Well, while I am here I’ll do the work –

and what’s the Work?

To ease the pain of living.

Everything else, drunken

dumbshow.

As a survivor, I have done a lot of the Work, but I have also come to realise that there is a belief surrounding this Work that is perpetuated by the 8 week groups, the therapeutic goals prescribed by insurance payments, the “happily ever after” narrative that we inhale daily. This belief is that when you do the Work, and you do it sufficiently well, the Work will be done. When it is done, you will then step into the stream of the happily and ever after.

This is a giant lie that we’re all selling ourselves. We have built to mythic proportions the hero’s journey, the narrative that a Survivor is someone who has overcome. Overcome suggests an endpoint, a ceasing, an arrival after which there is no more Work to be done. Overcome says that you will reach a stage where your past, your wounds, your pain will be healed, completely and irrevocably.

Instead, it seems more real to say that the Survivor has all the symptoms of a phantom limb. The wound is healed. There is a scar. But that isn’t the sum of the Work, just the beginning.

The Work is dealing with the burning sensation in your pelvis even though you haven’t suffered that particular pain in years. It’s waking in the night to the memory you thought you’d erased. It’s seeing the same mistakes played out time and again when you believed it was over.

Is It ever really over? Why do we expect it will be? Do we expect survivors of war and bombings to be stop flinching when they hear a loud car start? Will a veteran never again wake up in a sweat after yet another dream where his friend is blown up in front of his eyes? Studies seem to suggest that is an irrational expectation, and society seems to be more accepting of the ongoing consequences of this sort of physical and psychic trauma.

Why do we expect this to be different for survivors of different types of war? Why do we expect that the vestiges of sexual assault and molestation, of boundary erasure and manipulative love, will magically disappear because someone has been doing the Work?

I certainly had that expectation for myself. I truly believed that I would one day be “free.” Heaven knows I prayed for it often enough. To never again smell something that brings up overpowering waves of nausea. To not jump when someone comes up behind me. To not feel my body go numb when physicality becomes overwhelming. I’m still waiting for this freedom to arrive, and I have begun to expect it never will.

I’ve also extended that expectation to others, including friends and partners. If they are doing the Work, I expect that they will stop having intense anger, stop needing extreme amounts of attention, start being capable of activities they were never capable of before.

But I was wrong to expect this of myself or of them. I cannot know where someone else’s Work will lead them or which path they will choose to travel at what point in their life. I cannot know when they will decide that particular Work is not worth pursuing further, because something else needs their attention.

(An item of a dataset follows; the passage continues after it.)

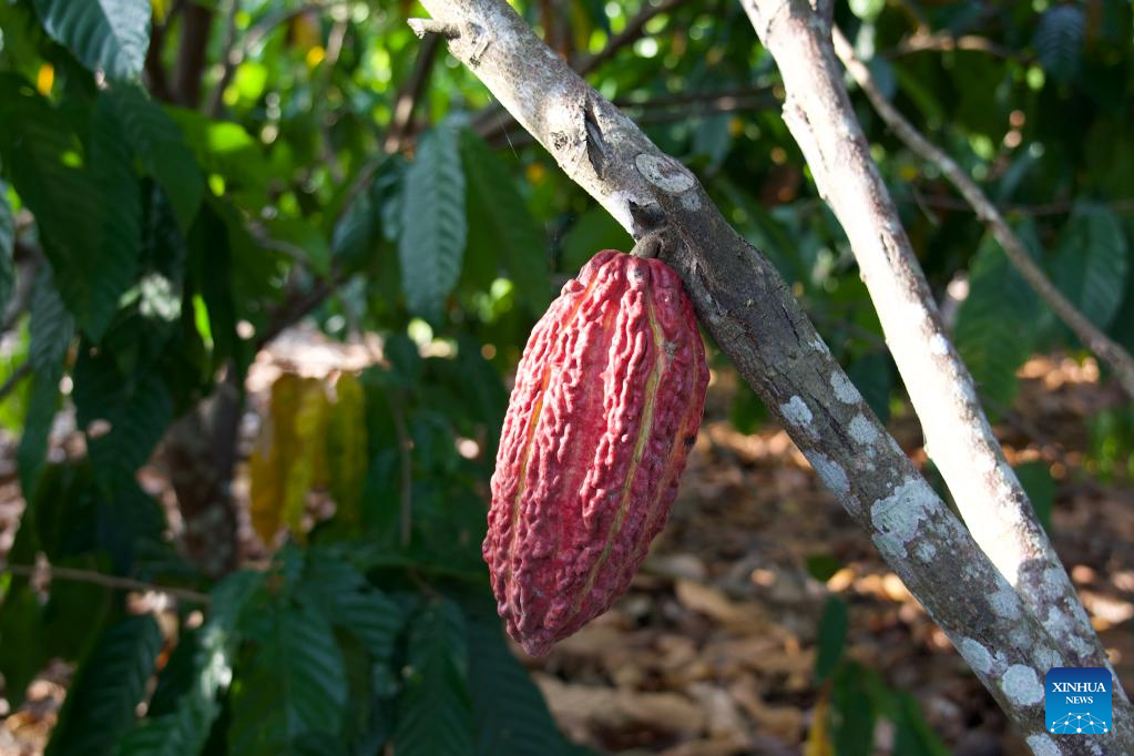 PARA, 11 septiembre, 2025 (Xinhua) -- Imagen del 9 de septiembre de 2025 de los frutos del cacao en el árbol en un vivero de árboles de cacao, en Brasil Novo, estado de Pará, Brasil. Ubicado en el norte de Brasil, el estado de Pará es la mayor área productora de cacao de Brasil, con una producción anual de aproximadamente 150.000 toneladas de cacao en grano, de las cuales el 95 por ciento es exportado. (Xinhua/Zhou Yongsui)

Beyond that, there is a pain of living that a Survivor never loses, because it’s etched in the cervices of their body, in the corners of their minds. And even the slightest bit of shame or confusion can trigger a whole new onslaught of memories, of fear, even of physical pain. With every major life change, like the loss of a loved one, a divorce, even a much longed for child being born can require more processing. At every point where a person’s being shifts and stability is lost, when they are truly living, they experience that pain. Then they can choose to drown again or return to the Work, painstakingly rebuilding their raft out of the wreckage. If they have done previous Work well, they may have large pieces of the prior creation to draw from, but there will invariably be days when it seems like none of that effort mattered, like they have returned to the beginning all over again.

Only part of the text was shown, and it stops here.